Dad's Place

Go to Zone!
by John Boyd

Once, there was only the two of us. How peaceful and serene it was. You rub my back, I’ll rub yours. We enjoyed such idle pleasure, like spending time in activities that now seem the stuff of legend and lore. I remember once having no compulsion to get out of bed on a Saturday. My wife and I laid in bed all day and watched the entire Ken Burns’ Jazz documentary – it is more than 10 hours long, folks. I even have a vague recollection of choosing a restaurant based on the quality and price of the food, not whether or not the interior designers considered the principles of noise dampening and dispersion of cacophonous chatter with corresponding utensil percussion.
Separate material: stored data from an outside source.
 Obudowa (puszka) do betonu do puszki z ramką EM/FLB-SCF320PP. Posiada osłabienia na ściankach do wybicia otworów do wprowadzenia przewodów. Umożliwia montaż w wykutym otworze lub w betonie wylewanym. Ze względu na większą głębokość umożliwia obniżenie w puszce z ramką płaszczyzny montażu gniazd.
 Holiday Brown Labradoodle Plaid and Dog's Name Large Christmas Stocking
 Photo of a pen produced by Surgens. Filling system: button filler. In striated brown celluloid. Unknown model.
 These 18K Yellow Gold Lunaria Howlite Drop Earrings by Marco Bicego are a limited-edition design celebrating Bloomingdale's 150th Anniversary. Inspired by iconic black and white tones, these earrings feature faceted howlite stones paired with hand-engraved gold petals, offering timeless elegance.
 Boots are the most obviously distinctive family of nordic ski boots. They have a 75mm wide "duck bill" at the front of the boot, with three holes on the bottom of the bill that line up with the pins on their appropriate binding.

I remember going to one place because the wait staff spent time explaining specials and describing meal courses to exhilarate a mature pallet. Now I’m more interested in a server’s willingness to dodge flung macaroni.
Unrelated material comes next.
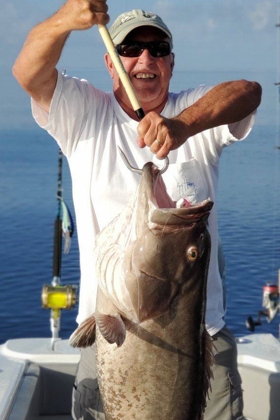 These grouper can grow as big as 50 pounds! we regularly catch them while bottom fishing for other fish in the same area as red grouper. We mostly target the big ones in deeper water from 140-200 feet of water. (50-70 miles form land) They are extremely hard fighting groupers! The open season for harvest is very short, but they are excellent to eat!

But then there were three, and then four of us. There’s an age-old debate that we new parents have. Which is harder, getting that first bundle of joy or the second sack of sugar? The first is hard because all of a sudden, you have this other person around, who, though small enough to barely make it as a paperweight, also enjoys a presence large enough to rule two seemingly grownup parents. (A baby who is also a giant, if you will. It’s an oxymoron, like jumbo shrimp.) But you just pass it back and forth, and go on courting. The second is easy because, well, for the most part you’ve done it before. The level of difficulty goes up though because you’ve doubled your chances of having sleepless nights wiping throw-up off your face. Still, each of you can go baseline to base day and night, depending on each other and sharing the load. If having one is as easy as a free throw, the second is like playing H-O-R-S-E on one of those adjustable goals lowered enough so that I feel athletic.
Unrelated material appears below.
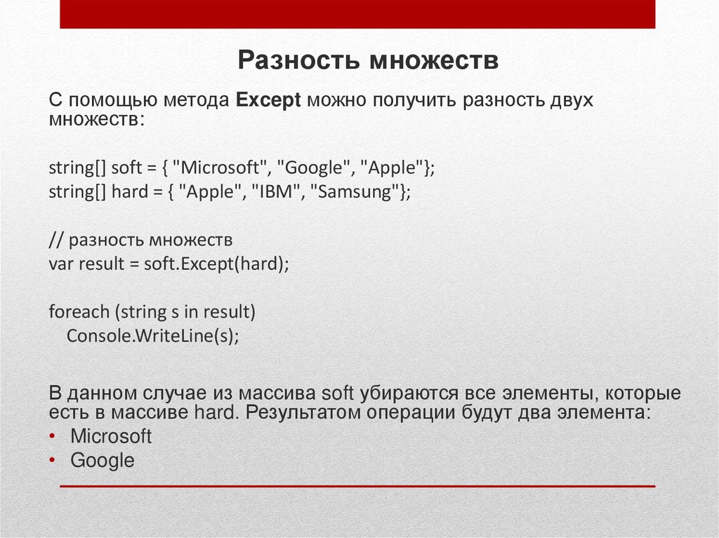 Разность множествС помощью метода Except можно получить разность двух

After a short time having both our first and second children, we fell into a groove. Things started hard with one, but we got the hang of it. With two, we put our practice in the game, and we figured it out again. We developed this fluid dribble and pass routine (i.e. baby dribbles on me, pass to mommy). As a team, we could man-up and take care of anything that came our way. We are a team, after all. As a foursome, we were unstoppable. We could face any foe, we could attend a good church, we could shop fearlessly, we were afraid of no restaurant (provided they printed coloring books and called them menus, served chicken fingers and got food to our table in 2.2 minutes or less). Better yet, we could split up and do a little one-on-one, if need be. “I’ll take Burpee and head to the store, you take Stinky and head to the park.”

With the arrival of nombre tres, however, our whole scheme has changed. It’s no more man to man; we’ve had to go to zone. If one requires adapting your routine, and two calls for team strategy, then three requires Bob Knight and an industrial-sized can of joint ointment. Splitting up now invariably favors my wife. She keeps the one who depends on her for nourishment, while I play two-on-one. Two hands, one for each neck, makes sense to me. Now we find ourselves outmatched and outnumbered. It didn’t take long for these three to figure out they were a team, and it was them against us.

Why on earth would we leave the blissful man-up routine? We had a bulletproof strategy, Dean Smith himself could not have provided a more effective defense. What would lead us to take on another mouth to feed – another mouth to mouth off? I haven’t gotten that far with my shrink; I’ll let you know. Right now we are still on 3rd grade at Clubview. But I’ll venture a guess: Just over one month ago, as I held my third baby girl in my arms, allowing the tears of joy to flow down my face, and listening to the gentle trembling of new breath, I didn’t need an answer why. I just knew. God once again gave heaven-in-flesh to an undeserving dad, and getting a gift for the third time is just as special as opening the first.

It will be a little harder to manage, I will probably need to start sketching x’s and o’s on a notepad and start calling 30-second timeouts more often. But I’ll know I’ve already won, even when I’m letting one dribble all over me.

A native of Columbus, John Boyd has recently returned here to work in his family business.